Während des Unterrichts läuft Erdweg durch den Raum und gibt den Schülern Tipps. „Ich sehe mir die Spiele an und greife korrigierend ein“, erklärt er, während sein Blick über die Schachbretter schweift. Unterstützt wird er bei seiner Arbeit von seinem zwei Jahre jüngeren Bruder Heinrich Erdweg und von einem Freund, dem 71-jährigen Hans Dombrowski. „Die beiden spielen simultan mit den Schülern – so nennt man das“, berichtet er. Sie seien also die direkten Gegner der Kinder. So könne man bestimmte Züge und Taktiken besser einstudieren. Die restlichen Schüler ordnet er der Stärke nach einander zu.

„Herr Erdweg, gucken sie mal, was ich hier jetzt machen soll“, ruft ein Junge vom Nachbartisch zu ihm rüber. „Du musst zusehen, dass du wenigstens noch den Springer erhältst“, antwortet er. Ihm sei wichtig, dass sich keiner langweile, sonst führe das nur zu Chaos, unterstreicht der Schachtrainer. Und seine Lehrmethoden funktionieren. Mit seiner Schulmannschaft, die er aus den besten Kindern der AGs zusammenstellt, sammelte er bei Schachturnieren schon viele Erfolge.

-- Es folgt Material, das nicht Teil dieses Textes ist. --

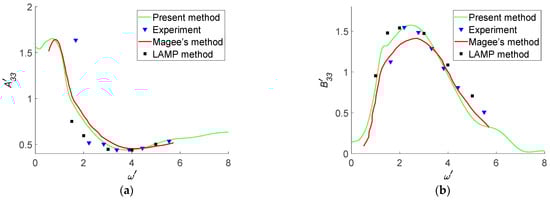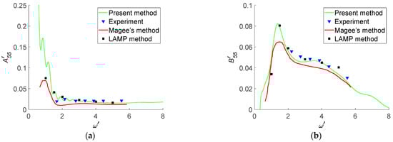 For the Wigley I hull at Fn = 0.2, Figure 12 presents the comparisons of the non-dimensional heave-heave added masses and damping coefficients, and Figure 13 presents the comparisons of the non-dimensional pitch-pitch added masses and damping coefficients. In the legend of Figure 12 and Figure 13, “present method” denotes numerical results obtained by the TFSGF method without waterline terms in Equation (5). “experiment” denotes previous literature experimental data [] obtained by Journée, and the experiments were carried out in the Shiphydromechanics Laboratory of the Delft University of Technology. The experimental data on hydrodynamic coefficients, wave loads, and added resistance for heave and pitch motions in head waves of Wigley I hull are sufficient. “Magee’s method” denotes numerical results obtained by the TFSGF method [] in which the waterline integral terms of boundary integral equations are included. “LAMP method” denotes numerical results obtained by LAMP software [], in which the body nonlinear method was adopted where the perturbation potential was computed on the instantaneous wetted hull under the mean free surface.
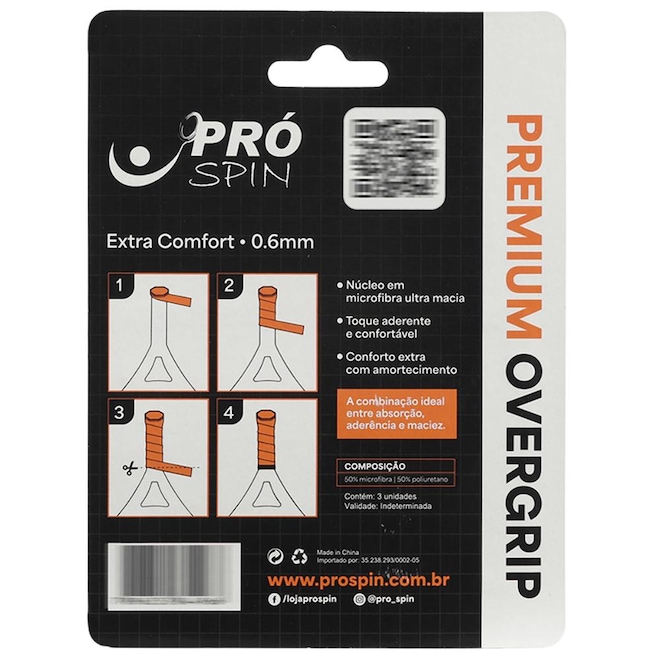 Descrição do Overgrip Pró Spin Extra Comfort Com 03 Unidades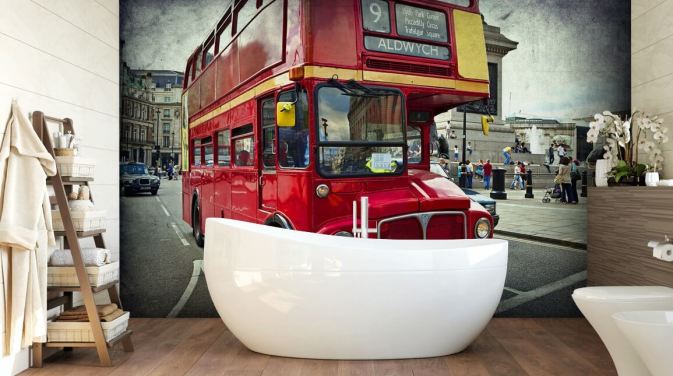 Papier peint à deux étages Motif bus dans la rue Rouge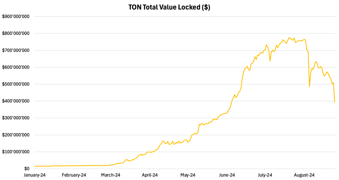 Dies spiegelt sich im enormen Wachstum des Total Value Locked (TVL) wider, einem Krypto-Indikator für verwaltete Vermögenswerte. Das TVL war zu Jahresbeginn bei lediglich 13.5 Millionen US-Dollar und erreichte am 20. Juli dieses Jahres einen Höchststand von 776 Millionen US-Dollar. Obwohl das TVL derzeit auf etwa 400 Millionen US-Dollar gesunken ist, ist es dennoch um 2'820% in diesem Jahr gestiegen. Der aktuelle Rückgang ist grösstenteils auf den erwähnten Preiseinbruch von TON zurückzuführen.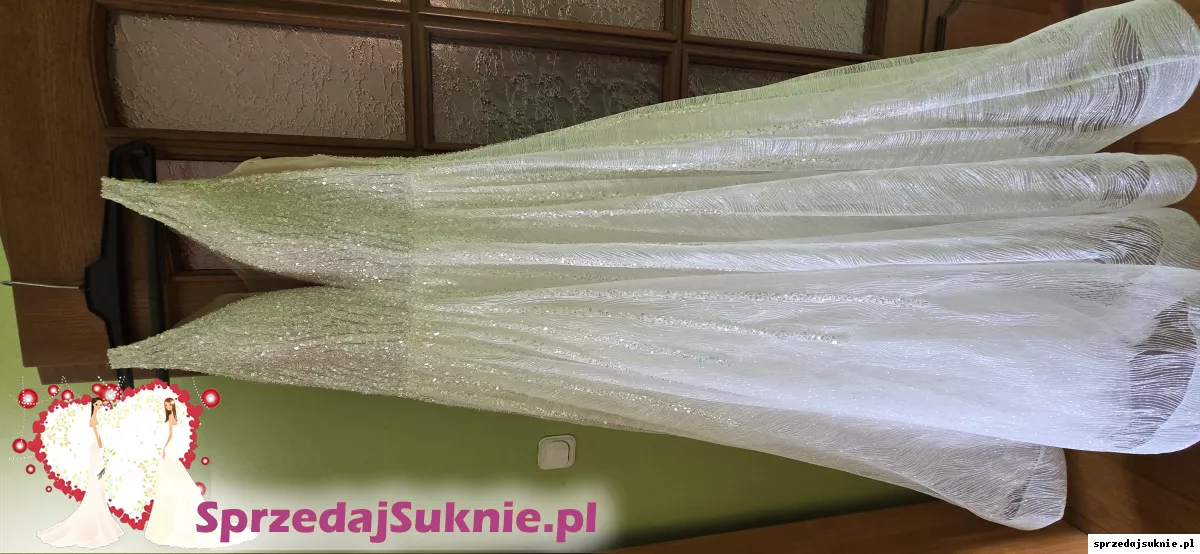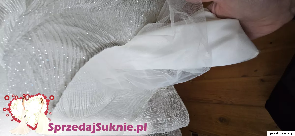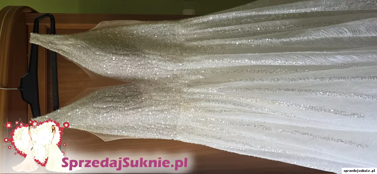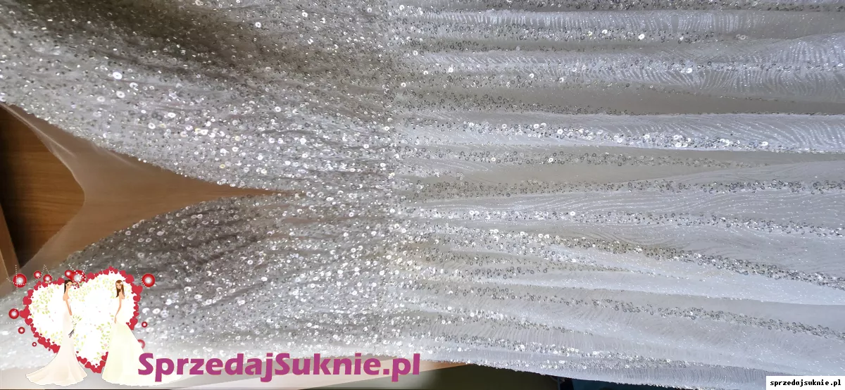 Witam,sprzedam suknię ślubną w bardzo dobrym stanie kupiona w 2023 r w salonie sukien slubnych.Długość całkowita 143 cm ,2×41 cm w biodrach ,wbudowane miseczki,obcas byl 8 cm.Zapinane na 11 przezroczystych guzikow i zamek.Ozdobne cekiny.Zapraszam do kontaktu i przymiarki sukni.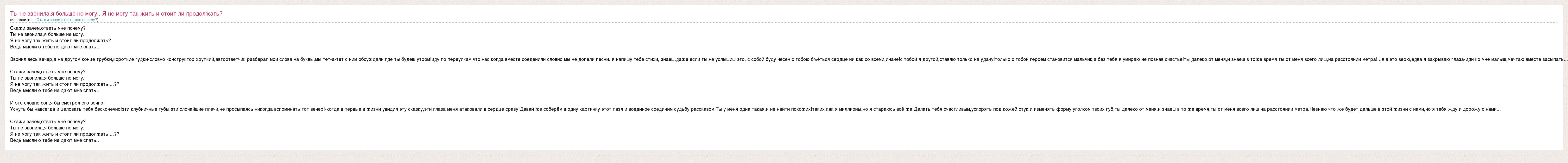 Скажи зачем,ответь мне почему? Ты не звонила,я больше не могу.. Я не могу так жить и стоит ли продолжать? Ведь мысли о тебе не дают мне спать.. Звонил весь вечер,а на другом конце трубки,короткие гудки-словно конструктор хрупкий,автоответчик разберал мои слова на буквы,мы тет-а-тет с ним обсуждали где ты будеш утром!иду по переулкам,что нас когда вместе соеденили словно мы не допели песни..я напишу тебе стихи, знаеш,даже если ты не услышиш это, с собой буду чесен!с тобою бъёться сердце ни как со всеми,иначе!с тобой я другой,ставлю только на удачу!только с тобой героем становится мальчик,а без тебя я умираю не познав счастье!ты далеко от меня,и знаеш в тоже время ты от меня всего лиш,на расстоянии метра!...я в это верю,едва я закрываю глаза-иди ко мне малыш,мечтаю вместе засыпать... Скажи зачем,ответь мне почему? Ты не звонила,я больше не могу.. Я не могу так жить и стоит ли продолжать ...?? Ведь мысли о тебе не дают мне спать.. И это словно сон,я бы смотрел его вечно! Уснуть бы навсегда и целовать тебя бесконечно!эти клубничные губы,эти слочайшие плечи,не просыпаясь никогда вспоминать тот вечер!-когда в первые в жизни увидил эту сказку,эти глаза меня атаковали в сердце сразу!Давай же соберём в одну картинку этот пазл и воединое соединим судьбу рассказом!Ты у меня одна такая,и не найти похожих!таких как я миллионы,но я стараюсь всё же!Делать тебя счастливым,ускорять под кожей стук,и изменять форму уголком твоих губ,ты далеко от меня,и знаеш в то же время,ты от меня всего лиш на расстоянии метра.Незнаю что же будет дальше в этой жизни с нами,но я тебя жду и дорожу с нами... Скажи зачем,ответь мне почему? Ты не звонила,я больше не могу.. Я не могу так жить и стоит ли продолжать ...?? Ведь мысли о тебе не дают мне спать..

So auch beim dem Grundschulturnier des Würselener Schachvereins, das alle zwei Jahre stattfindet. „Wir haben schon fünf Mal in Folge den Pokal erspielen können“, schildert er. Dieses Jahr wolle man den Sieg zum sechsten Mal holen. „Wir sind sicher, dass wir das schaffen“, zeigt sich auch Drews optimistisch.

Erdweg selbst konnte als Schachspieler vor vielen Jahren auch Siege verbuchen. „Ich war zum Beispiel mal Vereinsmeister bei der Aachener Schachgesellschaft“, sagt er. Wann genau das war, daran könne er sich aber nicht mehr erinnern. 1952 hätten seine Eltern den beiden ältesten Söhnen der Familie ein Schachbrett geschenkt, damals sei seine Leidenschaft für das Spiel entflammt.

Zehn Jahre später trat er der Schachgesellschaft bei. Seit er 1975 nach Würselen zog, ist er dort im Schachverein. Und als Vereinsmitglied sei es ihm natürlich auch immer an gutem Nachwuchs gelegen. Daher sei die Talentsichtung in den AGs sehr wichtig, erklärt er. Doch meistens würden gerade Jungen ihr Fußballtraining dem Schachunterricht vorziehen, schmunzelt er, während er auf die Uhr an seinem linken Handgelenk blickt.

Es ist zehn nach eins. Die Stunde ist fast vorüber. „So, und jetzt: Aufräumen! Nächste Woche geht’s weiter“, sagt er den Kindern.